Received 11 September 2025 Accepted 08 December 2025 Published 17 February 2026 Corresponding Author Nagajayant Nagamani, nagajayant@live.com DOI 10.29121/shodhkosh.v7.i1s.2026.7083 Funding: This research received no specific grant from any funding agency in the public, commercial, or not-for-profit sectors. Copyright: © 2026 The Author(s). This work is licensed under a Creative Commons Attribution 4.0 International License. With the license CC-BY, authors retain the copyright, allowing anyone to download, reuse, re-print, modify, distribute, and/or copy their contribution. The work must be properly attributed to its author.
		Keywords: Digital Archiving, Folk Art Preservation, Machine Learning, Computer Vision, Hybrid CNN–Transformer Models, Contrastive Learning, Class Imbalance, Content-Based Image Retrieval

1. INTRODUCTION

The quick cultural digitization has reformed the method of preservation, accessing, analysis of both intangible and tangible heritage. The folk art systems like Madhubani (the tradition that will be studied in this paper) are complex visual knowledge systems with their own system of symbolic motifs, color grammars, geometrical regularities and so-called stylistic constraints in the regions.

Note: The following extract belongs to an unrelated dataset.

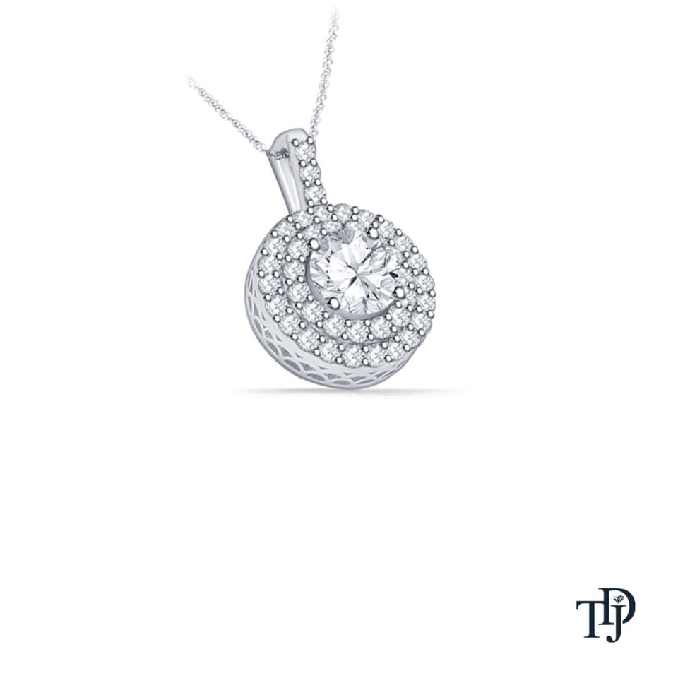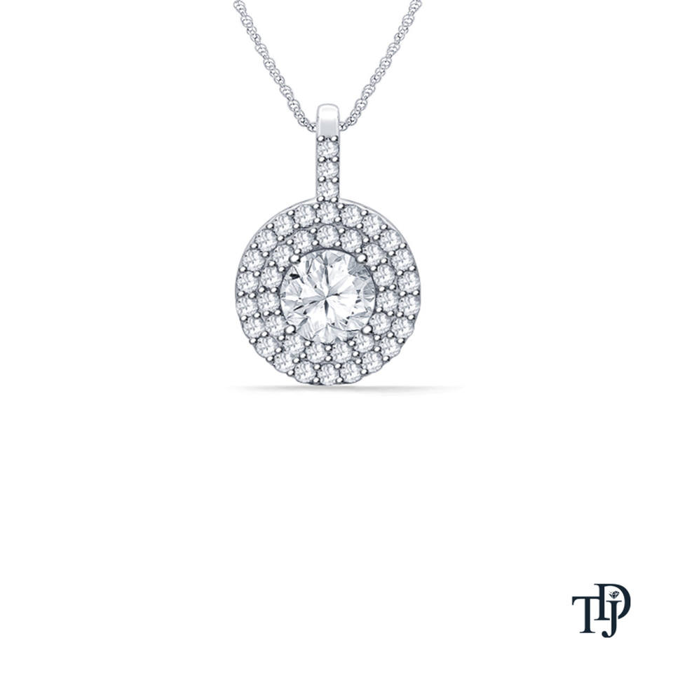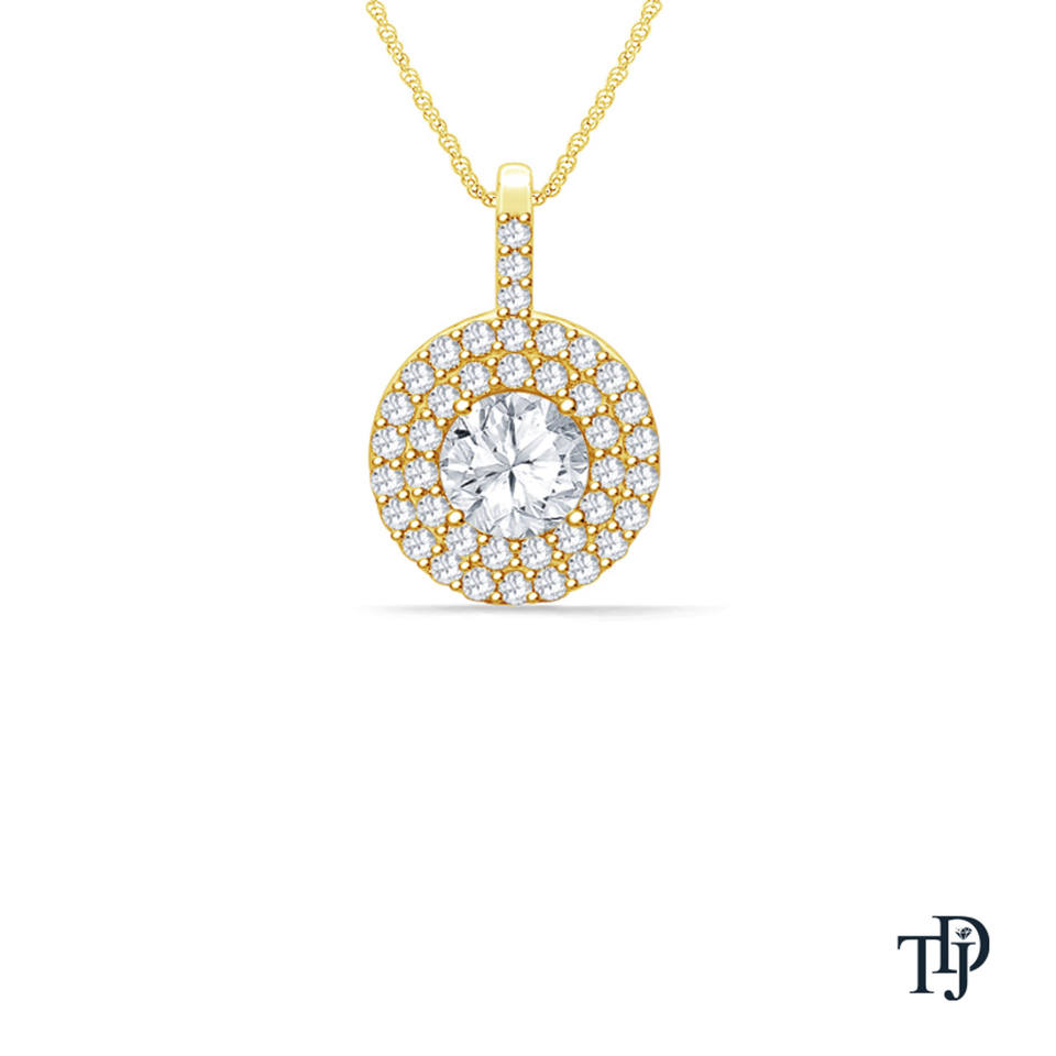 จี้เพชรทรงกลมแบบโซลิแทร์ 14K ทองคำแท้ ประดับเพชรแล็บโกรว์แบบดับเบิ้ลฮาโล พร้อมสายสร้อยคอ รับผลิตแบบ OEM ขายส่ง ขายปลีก ผู้ผลิต

The vast majority of the folk art forms do not appear in organized digital archives, as the most of them are still underrepresented and are mostly documented manually or subjectively and are preserved in a non-scaling manner, which is why they are underrepresented and thus can be discussed with reference to their cultural and historical context Alpaydin (2020). The computer science point of view is that this is a critical gap between the availability of raw visual information and the unavailability of intelligent machine-readable archival systems that can long-term preserve and retrieve information. Traditional forms of digital archiving are mainly image storage and rudimentary metadata addition, which does not implement much assistance in automated analysis, semantic indexing, and high-volume querying Bassier et al. (2020). These systems have problems in intra-class variance, cross-time and cross-location stylistic changes, and poor or noisy metadata, which are especially acute in datasets of folk art. Furthermore, manual annotation systems are not only time consuming, but also lack consistency, and cannot be used in scalable archival systems. This is what drives the consideration of machine-learning-based solutions that are capable of learning discriminative visual representations automatically and producing structured metadata out of unstructured cultural information Bongini et al. (2022), Casillo et al. (2023). Current innovations in computer vision and deep learning have shown good results in the image classification, pattern recognition, and content based image search.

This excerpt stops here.